The first unified, pan-tumor guideline framework has been released for how pathologists should evaluate and score response in the neoadjuvant setting. These consensus guidelines, which were a joint effort by the Society for Immunotherapy of Cancer's (SITC) Pan-tumor Harmonization of Pathologic Response Assessment efforts and the International Neoadjuvant Melanoma Consortium (INMC), build upon prior criteria for tumor response measurements after surgery, which were first developed using immune-related criteria for lung cancer and then extended across tumor types. The updated guidelines have taken into account 5 years of real-world use and data.
The guidelines as well as a related reproducibility study were both published in the Annals of Oncology.
“Neoadjuvant therapy is rapidly expanding across cancer types, and pathologic response is emerging as a predictor of long-term survival and an important clinical trial endpoint,” stated lead author Julie Stein Deutsch, MD, Assistant Professor of Dermatology, Pathology, and Oncology, Johns Hopkins Medicine. “However, scoring systems have varied widely by tumor type, making it difficult to compare across studies or apply results reliably in practice. This unified approach establishes a common language that will benefit clinical care, research and future regulatory use.”
Background
Researchers have noted that pathologic responses to treatments, especially immunotherapy treatments, have appeared similar across cancer types, leading to the coalescing of response criteria into one set of guidelines.
“Most pathologists around the world are generalists, not tumor-type specialists,” said senior author Janis Taube, MD, Director of Dermatopathology and Co-Director of the Bloomberg~Kimmel Institute Tumor Microenvironment Laboratory. “Switching between multiple scoring systems is inefficient and can lead to inconsistent reporting. Our findings support a pan-tumor system—and importantly, no existing tumor-specific system outperforms this unified approach in predicting patient outcomes.”
Leaders across the fields of pathology, oncology, and surgery came together to update, harmonize, and standardize pathologic response assessments for patients with cancer being treated with neoadjuvant therapy. They aimed to create one set of updated consensus guidelines that would apply across tumor types, rather than tumor type– or therapy type–specific response criteria.
Guidelines
Within the updated guidelines is a recommendation for a standardized approach to tissue submission based on size. A tumor/tumor bed 3 cm or less is recommended to be submitted in its entirety; if the tumor is larger than 3 cm, at a minimum one complete cross-section of tumor/tumor bed should be submitted from the longest dimension of the tumor for embedding, as well as the interface of the tumor with surrounding tissue when possible.
Quantification and scoring for pathologic response to neoadjuvant treatment for both the primary tumor and the lymph node components should be assessed based on the percentage of residual viable tumor, necrosis, and regression.
Reproducibility Study
Also steering the establishment of these updated guidelines was a multi-institutional, international study led by SITC for evaluating interobserver pathologist variability among response assessments by tumor type, anatomic location, and specimen type in using the updated pan-tumor criteria.

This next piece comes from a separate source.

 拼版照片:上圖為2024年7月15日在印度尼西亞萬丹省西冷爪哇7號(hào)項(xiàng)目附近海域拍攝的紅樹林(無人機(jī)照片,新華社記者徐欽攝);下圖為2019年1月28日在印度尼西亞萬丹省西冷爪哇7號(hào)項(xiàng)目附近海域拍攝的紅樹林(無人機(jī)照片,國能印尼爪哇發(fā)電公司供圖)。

Fourteen participating pathologists were taught about the updated response criteria scoring through online lectures; they then assessed 42 specimens from across 12 tumor types to analyze residual viable tumor, necrosis, and regression measurements for the updated criteria. The researchers also surveyed the participants about their use of and challenges with the new response assessments.

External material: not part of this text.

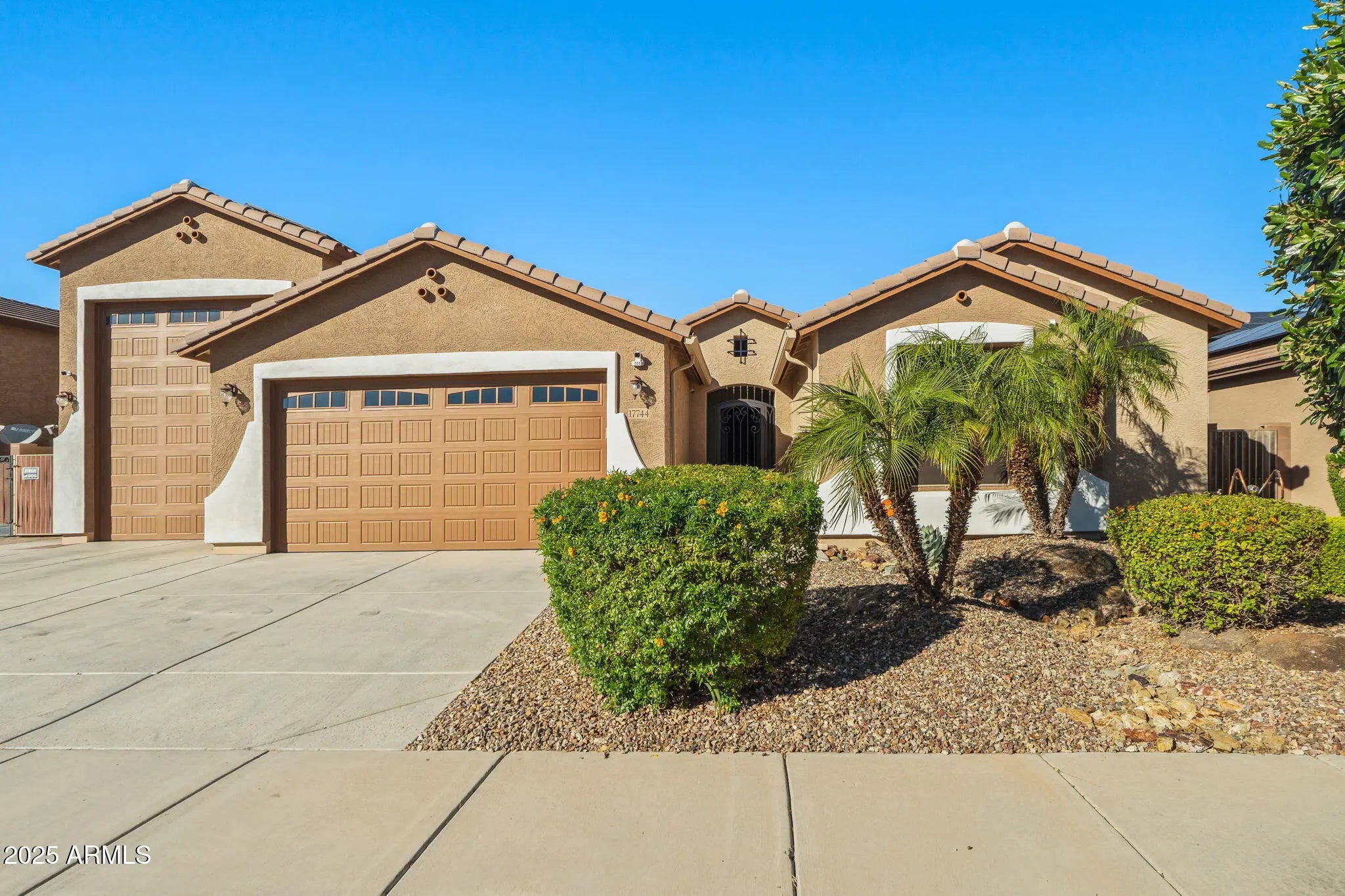 THIS IS THE ONE! BEAUTIFUL SINGLE LEVEL RV GARAGE HOME WITH PRIVATE COURTYARD AND A PLETHORA OF UPGRADES INSIDE AND OUT! BUYERS BONUS WITH SELLER PAYING OFF SOLAR AT CLOSING! GREAT ROOM OPEN FLOORPLAN WITH TILE FLOORING THROUGHOUT THE HOME. GORGEOUS CUSTOM STACK STONE WALL WITH FIREPLACE! NEW CUSTOM CHEF'S KITCHEN EQUIPPED WITH GE CAFE APPLIANCES, (6) BURNER CAFE GAS COOKTOP, BUILT-IN REFRIGERATOR, BUILT-IN WALL OVEN/MICROWAVE COMBO! CUSTOM SOFT CLOSE CABINETS, BACKSPLASH AND GORGEOUS UPGRADED CALCUTTA QUARTZ COUNTERTOPS! WAIT THERE'S MUCH MORE! NEW PRIMARY BATHROOM WITH A SPA LIKE WALK-IN TILED SHOWER, HIS AND HER SINKS, POP-OUT MIRRORS AND QUARTZ COUNTERTOPS. SPACIOUS PRIMARY SUITE IS EQUIPPED WITH A CUSTOM CLOSET! RELAX AND ENJOY OUTDOOR LIVING IN YOUR REFRESHING POOL (HEATED) OR UNDER THE MISTERS! SO MUCH SPACE FOR ENTERTAINING FAMILY AND FRIENDS! CHEF'S KITCHEN INSIDE AND YOUR OUTDOOR KITCHEN OUTBACK! HAVING AN RV GARAGE IS A BONUS AS IT PROVIDES MORE SPACE FOR YOUR RV, BOAT, CLASSIC CARS, HOBBIES AND MUCH MORE! NOTE: SELLER TO PAYOFF SOLAR AT CLOSING. BONUS AND INSTANT SAVINGS FOR THE BUYER! COME SEE FOR YOURSELF!

They found the pathologic response criteria scoring to be highly reproducible using the new pan-tumor system. Correlation coefficients between the participants were above 0.8 for residual viable tumor, necrosis, and regression measurements. Subset analyses also showed strong reproducibility, with intraclass correlation coefficients all above 0.86.
“Reproducibility is essential,” Dr. Deutsch said. “Different pathologists must arrive at similar scores if these metrics are going to guide patient care and clinical trials. Our training materials make that possible, and we are partnering with SITC to disseminate these resources.”

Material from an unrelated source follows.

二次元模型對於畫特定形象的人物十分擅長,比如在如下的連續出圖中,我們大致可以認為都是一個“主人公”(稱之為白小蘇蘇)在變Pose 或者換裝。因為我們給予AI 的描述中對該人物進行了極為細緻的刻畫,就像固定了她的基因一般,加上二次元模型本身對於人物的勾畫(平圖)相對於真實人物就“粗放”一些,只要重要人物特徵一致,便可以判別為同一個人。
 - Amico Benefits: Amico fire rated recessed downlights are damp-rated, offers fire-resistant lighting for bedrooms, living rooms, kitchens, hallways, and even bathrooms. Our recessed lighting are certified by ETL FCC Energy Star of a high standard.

The survey responses also helped to bring to light potential barriers to implementation and helped the researchers come up with strategies to overcome these barriers.
Going forward, the researchers plan to refine the thresholds for residual viable tumor for specific tumor types.
DISCLOSURE: The work was supported by The Mark Foundation for Cancer Research, the Bloomberg~Kimmel Institute for Cancer Immunotherapy, the Ontario Institute for Cancer Research, National Institutes of Health/National Cancer Institute, The National Institutes of Health Specialized Programs of Research Excellence, the University of Texas MD Anderson Melanoma Moon Shots Program, LUNGevity Foundation, the Dermatology Foundation, Australia’s National Health and Medical Research Council, University of Sydney Medical Foundation, the Michael and Patricia Booker Melanoma Research Endowment, and the John M. Skibber Endowed Professorship. For full disclosures of the study authors, visit annalsofoncology.org.